Blackmail for Fun and Profit

Once in a while, I like to use this space to indulge in some idle speculation, taking a few what-ifs and seeing where they lead. I tend to do this in response to some stimulus, some ping to my brain. Which is just what Keith Olbermann provided in one of his podcasts last week.

He was talking about Jeff Bezos’ upcoming wedding to Lauren Sanchez, the woman with whom Bezos had been having the affair that ultimately ended his marriage. You'll recall that in 2019, Trump operators had a heavy hand in that breakup, having attempted to blackmail Bezos into coercing The Washington Post, which he owns, into covering Trump more obsequiously.

It's rare to see such an instance of high-level blackmail surface in public, and we only know about it because Bezos didn't bite. He outed himself, he went public about the whole affair, thereby ending his marriage, which was apparently on the ropes anyway.

An unusually happy postscript to this otherwise routine multi-billionaire divorce is what has since emerged as one of the most impressive philanthropic operations in the country. Mackenzie Scott, Bezos' ex-wife, took her half of Amazon and started giving it away, generously and methodically. She has already surprised dozens of worthy organizations with unheard-of injections of capital, and she's just getting started.

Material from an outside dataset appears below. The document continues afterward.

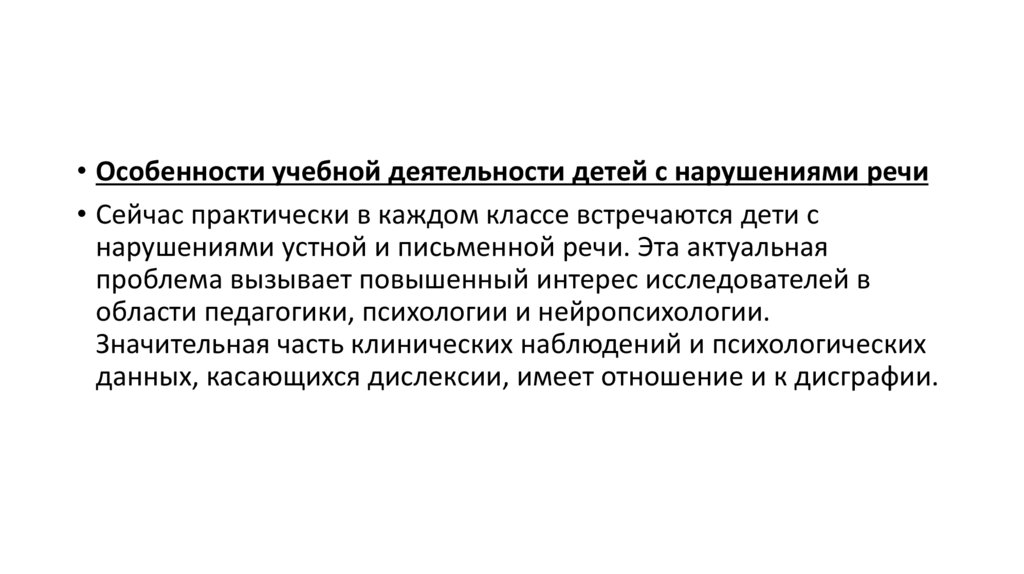 нарушениями устной и письменной речи. Эта актуальная

But I digress. Olbermann was talking about a botched blackmail attempt, at which, at the time, we all rolled our eyes, Trump being Trump. But then he tossed out an idea so startling, I've been thinking about it ever since. To paraphrase:

If Bezos told Trump's blackmailers to buzz off, how many others were there who didn't?

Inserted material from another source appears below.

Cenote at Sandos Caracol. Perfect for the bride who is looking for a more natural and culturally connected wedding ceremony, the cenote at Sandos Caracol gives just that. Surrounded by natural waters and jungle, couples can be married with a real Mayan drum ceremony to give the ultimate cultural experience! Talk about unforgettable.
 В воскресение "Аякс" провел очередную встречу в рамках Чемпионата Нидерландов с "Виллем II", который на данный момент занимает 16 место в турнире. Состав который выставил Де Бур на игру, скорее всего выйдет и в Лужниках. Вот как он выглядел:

I'd never thought of the incident as anything more than a one-off, but since he asked, subsequent questions have practically asked themselves. Who else, among those in positions of power, was susceptible to blackmail? Who has caved to it? What have they done in return? Are they still on the hook? How many people have the kind of fuck-you money Bezos has?

There's a lot of revisionist thinking around Trump these days, in light of all the criminality that keeps surfacing. Part of it starts with the recognition that Trump has been deeply enmeshed in various organized crime syndicates for the better part of four decades. Seen in that light, the idea of an industrial-strength blackmail operation, complete with honey traps, dick-pics, and peeping-Tom videos is not much of a stretch.

So let's take a step back to review a few basics of Trump history.

First, Trump's crime spree in the White House was the culmination of a forty-year career in organized crime. This is profusely documented and not in dispute, though the mainstream press has either refused to follow its abundant threads or is deliberately not telling us about it. Either way, I urge you to see for yourself, starting with the trail of reputable journalism I followed back in February.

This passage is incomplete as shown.